On Christianity, (p. 137), after confession of his doubts and scruples, « he was bidden by his confessor to name some sin of his past life before absolution was given…  » The ‘awful’ power of priesthood, of this church, he gives earthly attention to the question of religious commitment. That to invest a life into a priesthood has commitment to a specific guidance; and where to merely give your attention to this religion is rather a socially-connected observance. Here, the writer’s flourish, he articulates the son’s flair and poetic capacity for his faith, (p. 145), « The snares of the world were its ways of sin. He would fall. He had not yet fallen but he would fall silently, in an instant. Not to fall was too hard, too hard; and he felt the silent lapse of his soul, as it would be at some instant to come, falling, falling, but not yet fallen, still unfallen, but about to fall. »

He speaks of the web of deceit, (p. 118) here, « a spiritual pain is the pain of extension… Man, in this earthly life, though he be capable of many evils, is not capable of them all at once, inasmuch as one evil corrects and counteracts another just as one person frequently corrects another. »

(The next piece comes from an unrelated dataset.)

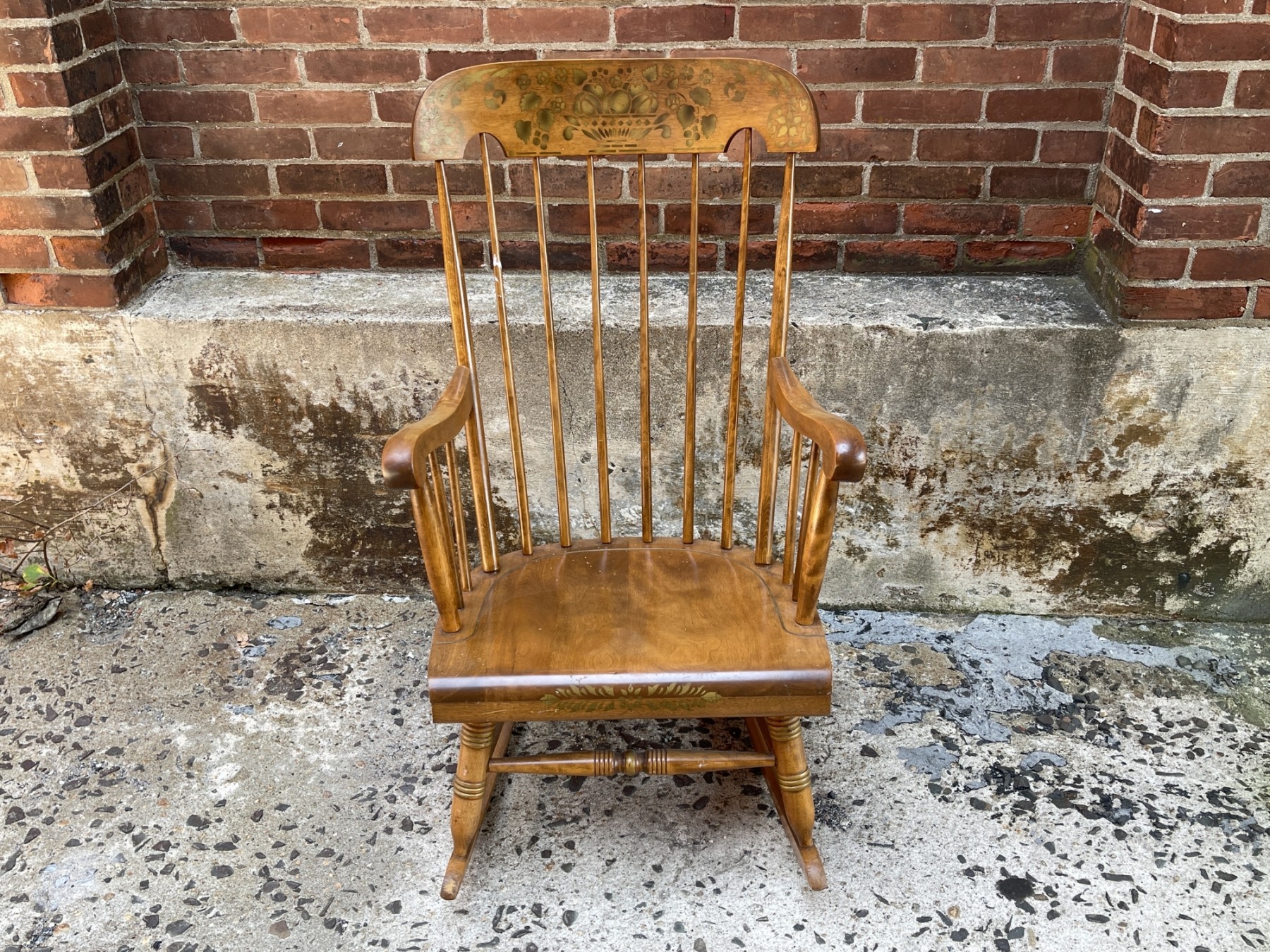 Such a beautiful Nicholas & Stone rocker! It’s sturdy and in good condition for its age. Normal wear from use and one spot that appears to be white paint on a spindle. It measures 42 inches tall, 22 inches wide and 18 inches deep on the seat.
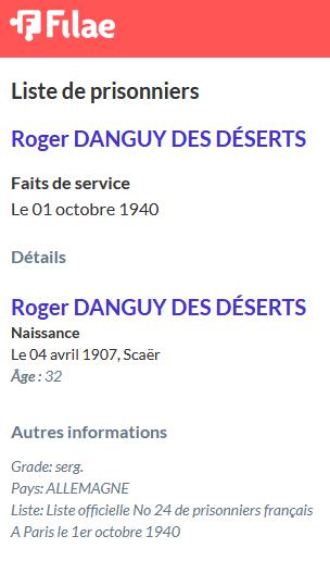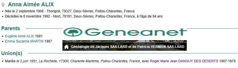 ROGER DANGUY DES DESERTS 1907 – 1978 ANNA ALIX EPOUSE DANGUY DES DESERTS 1908 - 1922 |

Father, son, then minister of devotion, he is the author of lives and lives lived-well toward God. He speaks of devoted guilt, (p. 133), « at times (the) sense of such immediate repercussion was so lively that he seemed to feel his soul in devotion pressing like fingers the keyboard of a cash register and to see the amount of his purchase start forth immediately in heaven, not as a number but as a frail column of incense or as a slender flower. »

He provides every heartstring from faith to be plucked; first God, he then provides the heart of a writer who writes, and one who speaks, thinks, adheres to God’s words, artfully. He gives a composition of phrasing, words as harmony, a wide and vast adoration for his language eloquently impressing his land’s variety of vivid sensations and this faith’s ‘monstrous’ appeal to the wicked and the weak, (p. 149), « Words. Was it their colours? He allowed them to glow and fade, hue after hue; sunrise gold, the russet and green of apple orchards, azure of waves, the grey-fringed fleece of clouds. No, it was not their colours: it was the poise and balance of the period itself. Did he then love the rhythmic rise and fall of words better than their associations of legend and colour? Or was it that, being as weak of sight as he was shy of mind, he drew less pleasure from the reflection of the glowing sensible world through the prism of language many-coloured and richly storied than from the contemplation of an inner world of individual emotions mirrored perfectly in a lucid supple periodic prose? » He claims his devotion, « The object of the artist is the creation of the beautiful, » (p. 165).

In the son’s vision of human compassion, he resonates with inspiration at his own awareness, (p. 148), he reveals his epiphany that « the commandment of love (bids) us not to love our neighbor as ourselves with the same amount and intensity of love but to love him as ourselves with the same kind of love. » He promotes the ability and the desire to distinguish our needs from the next of needs, and in observance of learning from this ministry, I hope and desire to distinguish various descriptions, Love being a ‘thing’ and something which endures with respect.

He distinguishes beauty according to the apprehension of beauty. There are three forms is his educated distinction, (p. 195), « the lyrical form, the form wherein the artist presents his image in immediate relation to himself; the epical form, the form wherein he presents his image in mediate relation to himself and others; the dramatic form, the form wherein he presents his image in immediate relation to others. » He suggests that beauty (by definition I understand this to mean all language, all words within the language), beauty has a wider sense form or sense of understanding in the literary tradition. These three forms, then, he suggests are the space which understanding or judgment of beauty is influenced by a marketplace for the art.

My question: Is God’s perception of warmth immediate within a marketplace?